「医道の日本」プレイバック! 第11回【最終回】 赤羽幸兵衛「皮内針法こぼれ話」(1976年)
創刊より80年以上、通巻922号を数える中から、特に読者の議論を呼び起こした企画、時代を映し出した企画を振り返ります。
赤羽幸兵衛「皮内針法こぼれ話」(1976年)
皮内鍼の考案者として知られる赤羽幸兵衛(1895-1983)。
弊社からは2013年に、DVD「よくわかる!赤羽式皮内鍼法」を発行しているが、赤羽はその皮内鍼法を始め、「知熱感度測定法」や「シーソー現象」など、鍼灸史上に残る多くの研究・開発を行い、昭和鍼灸の歴史に巨大な足跡を残した、名鍼灸師である。
1931年、36歳のときに鍼灸師免許を取得した赤羽は、群馬県伊勢崎市にて開業する。

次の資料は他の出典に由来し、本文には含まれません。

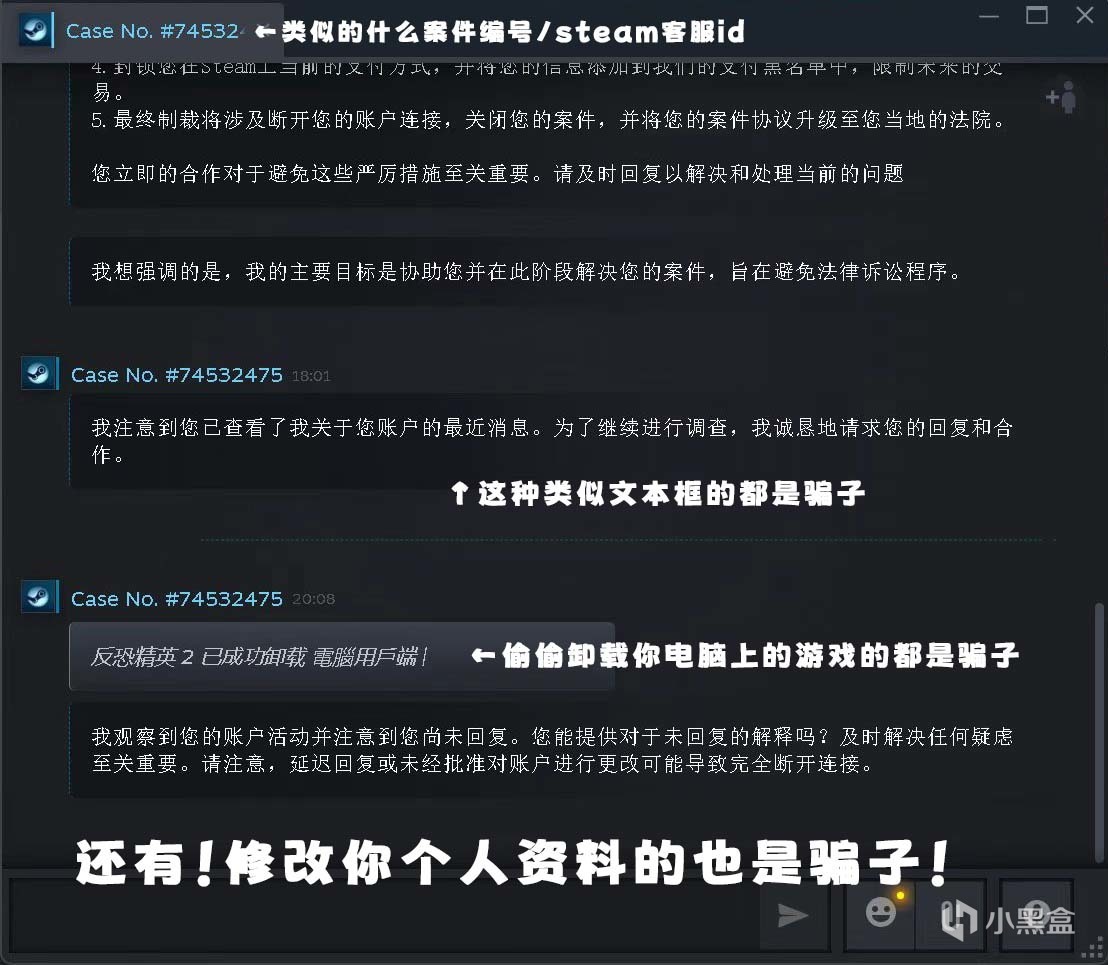 这里多嘴说一句,steam官方客服不会以加好友、发短信、打电话的任何形式要求你提供个人账户信息!!

以降、長きにわたって臨床に励むが、1954年、読売新聞に「ハリ術にルネッサンス」という記事が掲載され、その名が一躍知られるようになった。
記事では、赤羽が臨床と研究の中で発見・考案した「皮内鍼法」や“経絡のバランス変化”を捉える「知熱感度測定法」を画期的なものとして紹介。大きな反響を呼ぶこととなった。
その後、赤羽は、講演活動や原稿執筆を精力的にこなしていく。
1966年には、NHKのテレビ番組「不思議な世界」に出演。
漫画家の手塚治虫氏を相手に赤羽氏法による治療を実演したところ、放映後から患者が殺到した。
ところが、その約1カ月後に、疲労の蓄積で倒れてしまう。それが10年以上に及ぶ闘病生活の始まりとなった。
闘病の中でも赤羽は、小誌に何度も原稿を寄せている。そして最後の寄稿となったのが、今回の「皮内針法こぼれ話」(1976年)である。
冒頭の、「病床にはあるが、心は今も日本中かけめぐっている様な気持ちで居る。想うは針灸の将来であり、待たれるは我が身の再起である」という文に、病床に伏してなおも鍼灸への情熱を燃やしている様子がうかがえる。
「こぼれ話」と銘打たれてはいるが、赤羽が皮内鍼法を考案したきっかけや、いくつかの症例についても述べている。
下に紹介する皮内鍼で治療した患者と赤羽とのやりとりのエピソードからは、皮内鍼を広め、多くの患者に役立てたいという治療家としての気概が伝わってくる。
「この方法を患者に応用してみた所これ又、驚くべき効果を見た。
多くの患者は『こんなに効く方法は珍しい。先生はこれを他の鍼灸師には教えず、御自分一人の"専売特許" にすべきです』と云った。
『これで蔵が建ちますね』とも云われたが私にはそれが出来ず広く公開したことは天下周知の話である」
今日では多くの治療家が活用している「皮内鍼」の祖・赤羽幸兵衛。
※本記事は、医道の日本社のWebサイトで2013年7月1日に公開されたものを元に作成しております。